Information forwarded to bug-guix <at> gnu.org:
bug#31268; Package guix. (Mon, 30 Apr 2018 16:38:01 GMT) Full text and rfc822 format available.

Message #19 received at 31268 <at> debbugs.gnu.org (full text, mbox):

From: Mark H Weaver <mhw <at> netris.org>
To: ludo <at> gnu.org (Ludovic Courtès)
Cc: George myglc2 Clemmer <myglc2 <at> gmail.com>, 31268 <at> debbugs.gnu.org
Subject: Re: bug#31268: 'guix system vm-image' hangs
Date: Mon, 30 Apr 2018 12:36:03 -0400
ludo <at> gnu.org (Ludovic Courtès) writes:

> Mark H Weaver <mhw <at> netris.org> skribis:
>
>> FYI, I just pushed commit 8c21c64e59d3f4d223d8aeef91f06fdde7de1ab7 which
>> updates linux-libre to 4.16.6.  Would you like to see if the problem
>> still persists?
>
> It does.

I suggest doing a git bisect on the 4.16.y branch of the linux-stable
git repository, between the 4.16.3 and 4.16.4 tags.

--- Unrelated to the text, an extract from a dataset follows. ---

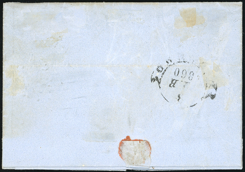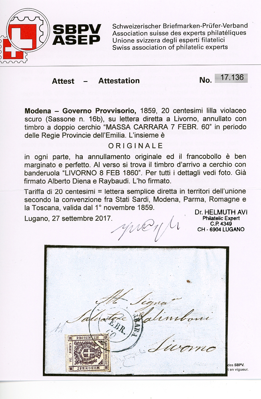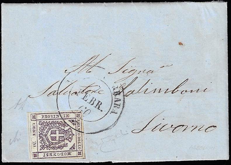 1860 - 20 cent. lilla violaceo scuro (16b), perfetto, su lettera da Massa Carrara 7/2/1860, in periodo di Regie Provincie dell'Emilia, a Livorno. Rara! A.Diena, Raybaudi, cert. Avi.

https://git.kernel.org/pub/scm/linux/kernel/git/stable/linux-stable.git/?h=linux-4.16.y

      Mark




Information forwarded to bug-guix <at> gnu.org:
bug#31268; Package guix. (Fri, 18 May 2018 14:23:01 GMT) Full text and rfc822 format available.

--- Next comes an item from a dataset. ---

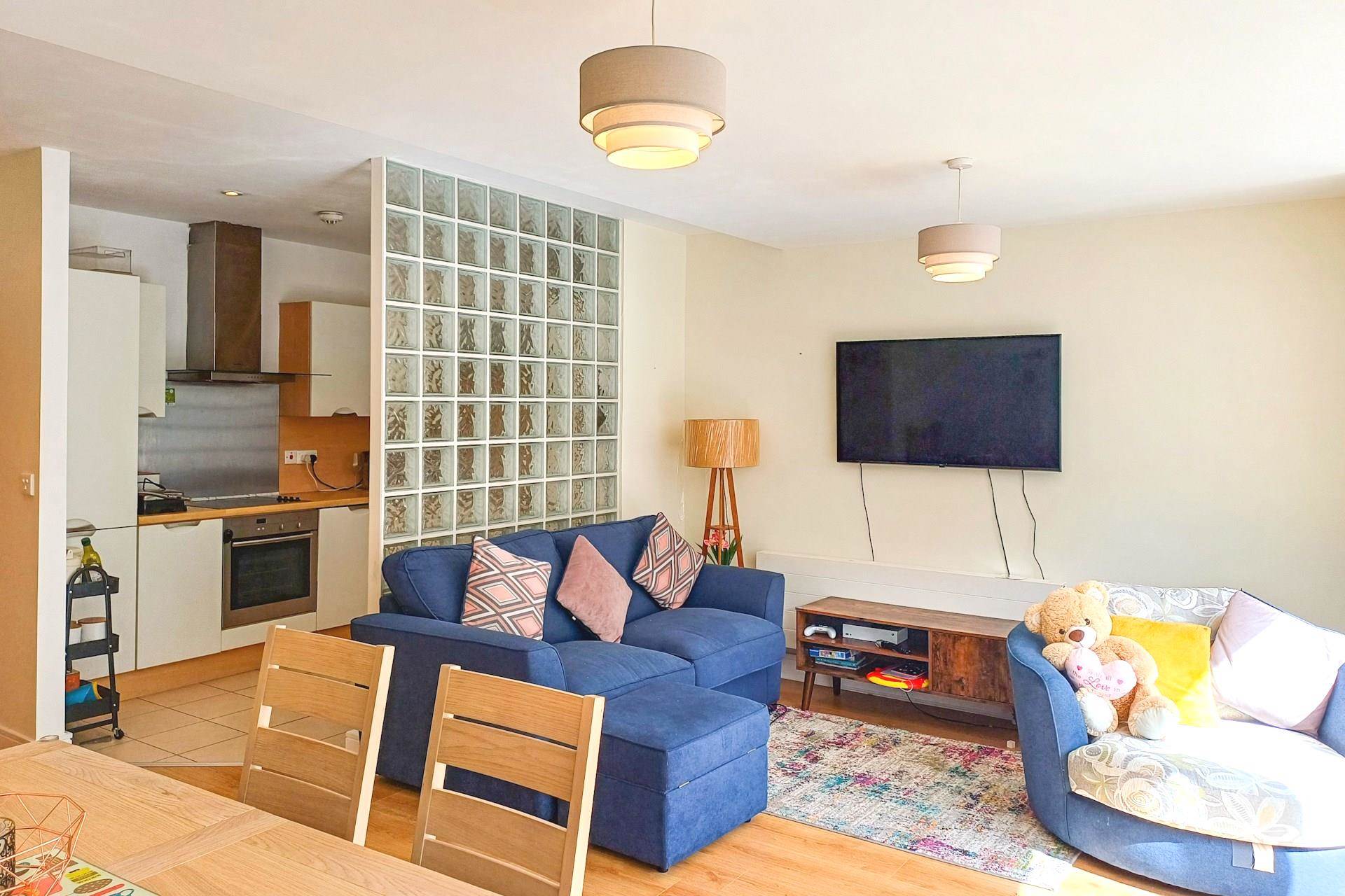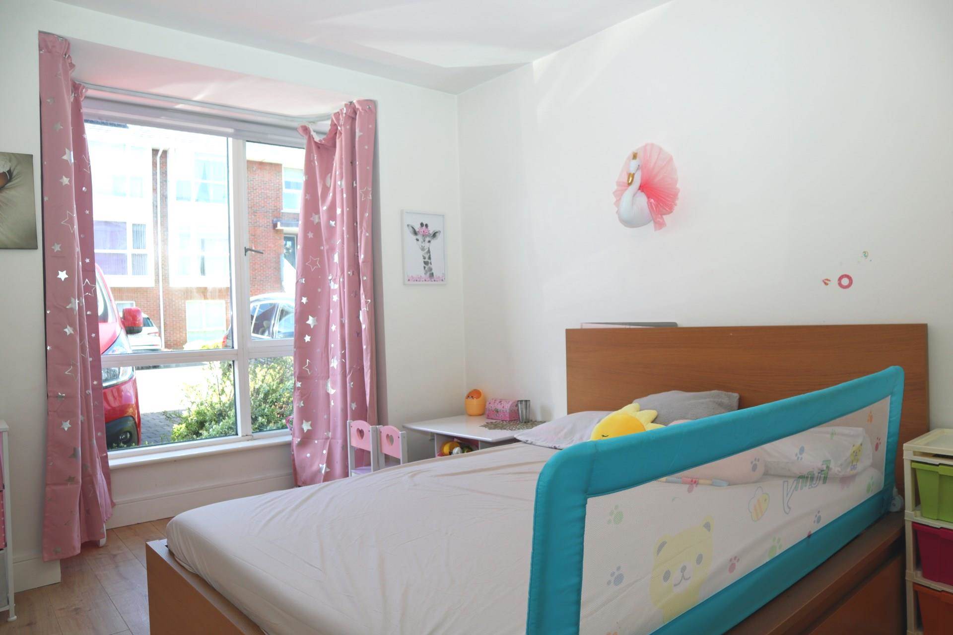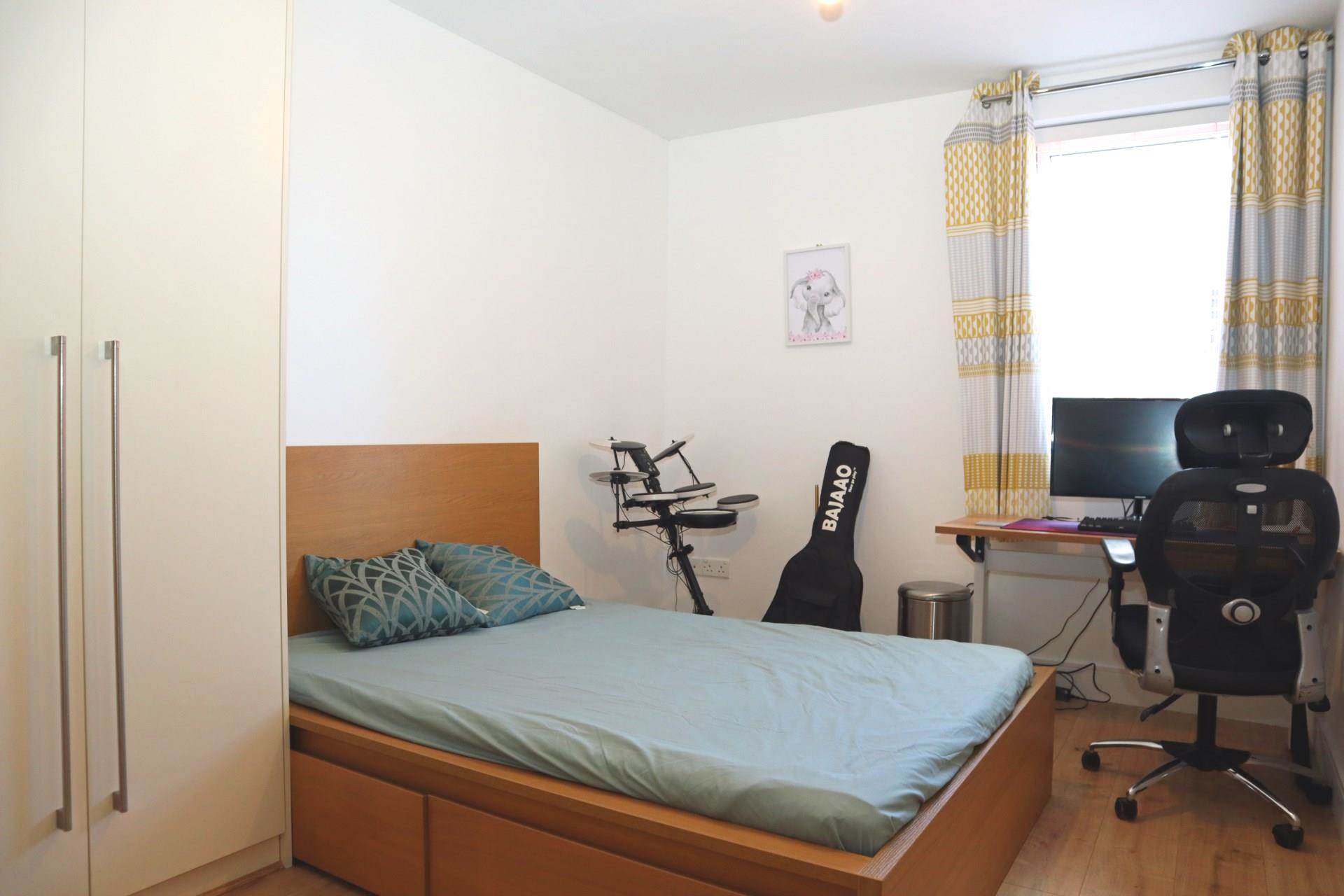 Exceptionally bright room with large full-height/ full-width window. Press containing gas boiler. High speed 1GB Virgin Media Internet connection. Wood laminate flooring.

Message #22 received at 31268 <at> debbugs.gnu.org (full text, mbox):

From: Clément Lassieur <clement <at> lassieur.org>
To: Mark H Weaver <mhw <at> netris.org>
Cc: Ludovic Courtès <ludo <at> gnu.org>,
 George myglc2 Clemmer <myglc2 <at> gmail.com>, 31268 <at> debbugs.gnu.org
Subject: Re: bug#31268: 'guix system vm-image' hangs
Date: Fri, 18 May 2018 16:22:05 +0200
Hi,

Mark H Weaver <mhw <at> netris.org> writes:

> ludo <at> gnu.org (Ludovic Courtès) writes:
>
>> Mark H Weaver <mhw <at> netris.org> skribis:
>>
>>> FYI, I just pushed commit 8c21c64e59d3f4d223d8aeef91f06fdde7de1ab7 which
>>> updates linux-libre to 4.16.6.  Would you like to see if the problem
>>> still persists?
>>
>> It does.
>
> I suggest doing a git bisect on the 4.16.y branch of the linux-stable
> git repository, between the 4.16.3 and 4.16.4 tags.

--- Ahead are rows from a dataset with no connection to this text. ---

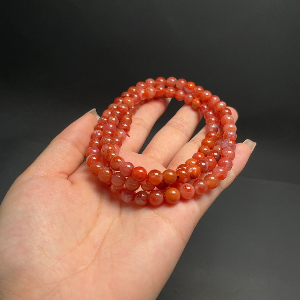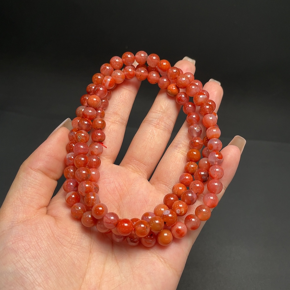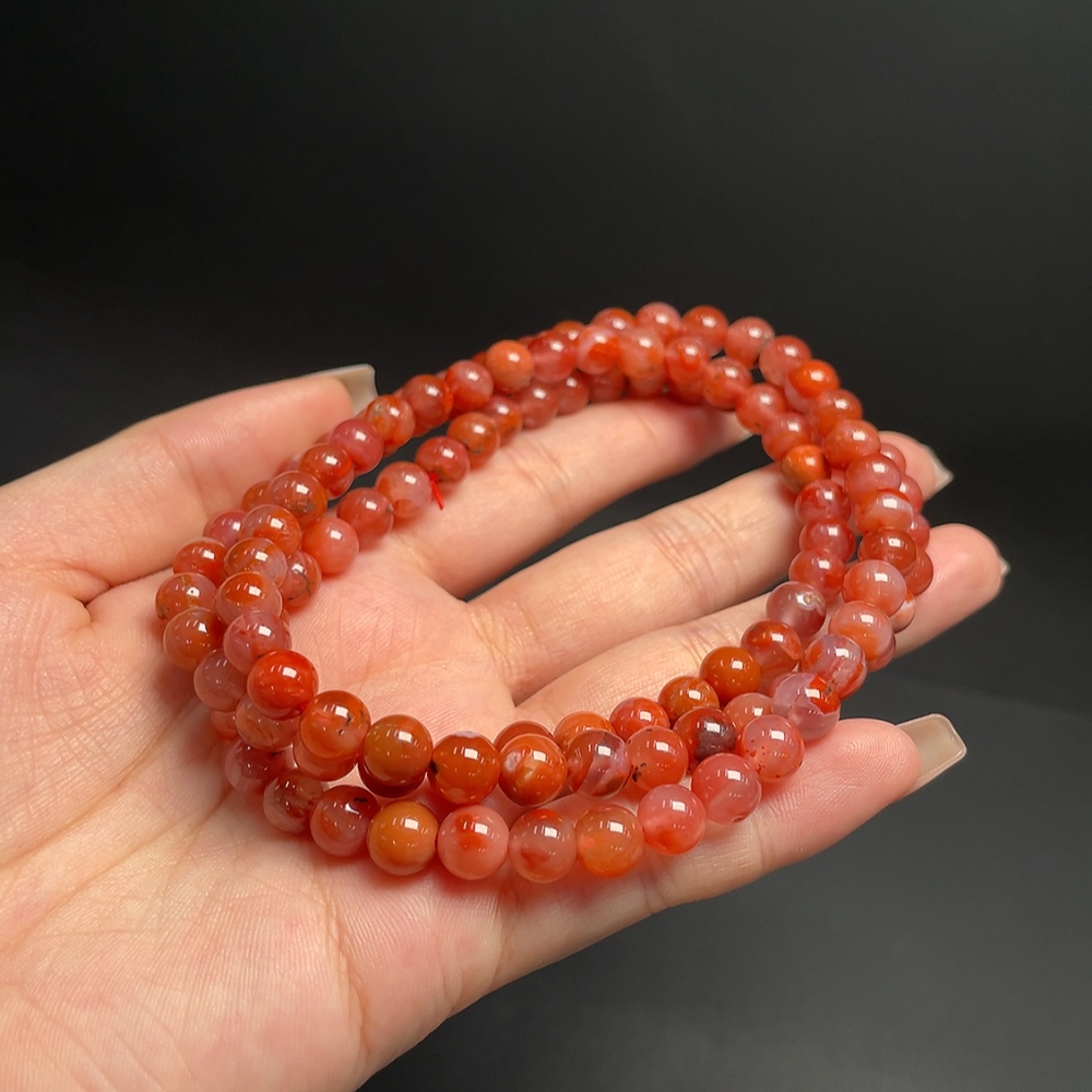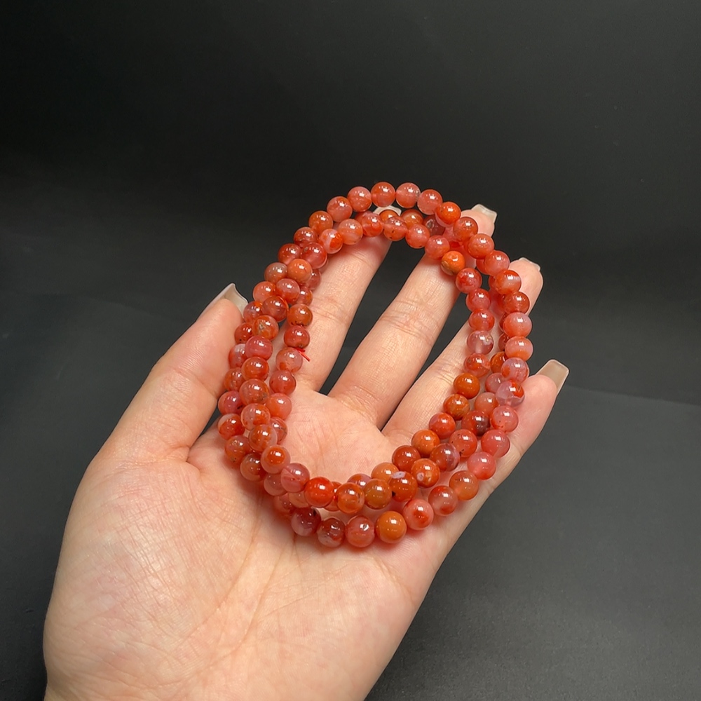 South Red Agate Bead Necklace with Visible Organic Matter, Total Weight Approx. 53.82g, Bead Size Approx. 7.2mm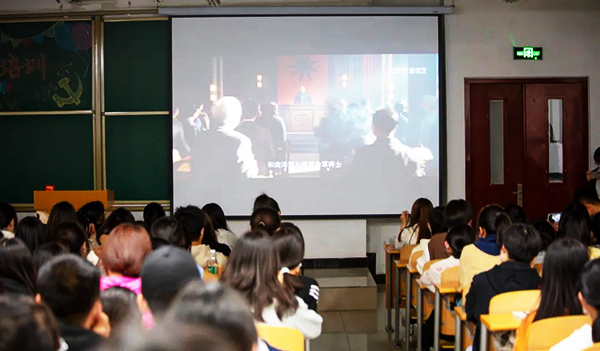 王冬月老师从如何端正入党动机、入党的手续和流程三个方面为新生进行授课。同时,观看了向新中国共产党建党90周年献礼的重要影片《建党伟业》。展影完毕,同学们学到了党史、了解了党情,对中国共产党有了更加充分认识,端正了入党态度,进一步坚定了跟党走中国特色社会主义道路的理想信念。党员标准为大学生成长进步提供了努力坐标和参照。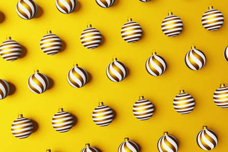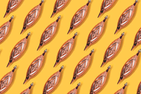 Repetitive pattern made of gold colored Christmas baubles on a yellow background.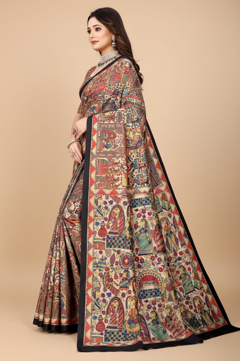 Madhubani Print Manipuri Silk Saree for Women | Indian Ethnic Party & Casual Wear | Unstitched Blouse Included - Black Border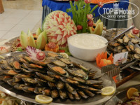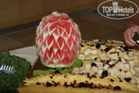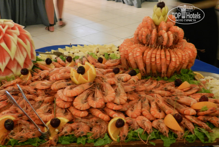Питание отличное, были конечно туристы, которым не нравился однообразный завтрак, скудное меню в обед, отсутствие супов)))Но основная часть русских отдыхающих в восторге от питания!!!Постоянно говядина, свинина,индейка,рыба(не так часто, но вкуснющая баранина, кролик),салаты овощные, на гарнир и макароны, и картофель, и рис, и овощи. питание на любой вкус)В четверг -рыбный день)Нам повезло мы попали на 2 четверга)))Притом второго четверга мы ждали с нетерпением)))Креветки,мидии,осьминоги,сёмга,рыба,(даже крабовые палочки, но они лежали практически нетронутые)))))).Единственный минус-креветки у них варятся без соли(((Около бассейна бар, так там днём шашлычки,рыба и мясо,овощи и гарниры) Голодным там точно не останешься)Фрукты весь день,киви,бананы,ананасы,апельсины, яблоки, груши, виноград, нектаринки, персики,черешня-Постоянно народ подходит, набирает с собой в номера или на пляж-никто слова не скажет.

I did it, here is the result:

--8<---------------cut here---------------start------------->8---
cd8d7a5778a4abf76ee8fe8f1bfcf78976029f8d is the first bad commit
commit cd8d7a5778a4abf76ee8fe8f1bfcf78976029f8d
Author: Theodore Ts'o <tytso <at> mit.edu>
Date:   Wed Apr 11 13:27:52 2018 -0400

    random: fix crng_ready() test
    
    commit 43838a23a05fbd13e47d750d3dfd77001536dd33 upstream.
    
    The crng_init variable has three states:
    
    0: The CRNG is not initialized at all
    1: The CRNG has a small amount of entropy, hopefully good enough for
       early-boot, non-cryptographical use cases
    2: The CRNG is fully initialized and we are sure it is safe for
       cryptographic use cases.
    
    The crng_ready() function should only return true once we are in the
    last state.  This addresses CVE-2018-1108.
    
    Reported-by: Jann Horn <jannh <at> google.com>
    Fixes: e192be9d9a30 ("random: replace non-blocking pool...")
    Cc: stable <at> kernel.org # 4.8+
    Signed-off-by: Theodore Ts'o <tytso <at> mit.edu>
    Reviewed-by: Jann Horn <jannh <at> google.com>
    Signed-off-by: Greg Kroah-Hartman <gregkh <at> linuxfoundation.org>

:040000 040000 4bdc62a4604b0a754614e8601ce794f316e83622 da682af7d9d779f193becb7757a8722a71e5d85d M      drivers
--8<---------------cut here---------------end--------------->8---

Clément




Information forwarded to bug-guix <at> gnu.org:
bug#31268; Package guix. (Fri, 18 May 2018 16:40:02 GMT) Full text and rfc822 format available.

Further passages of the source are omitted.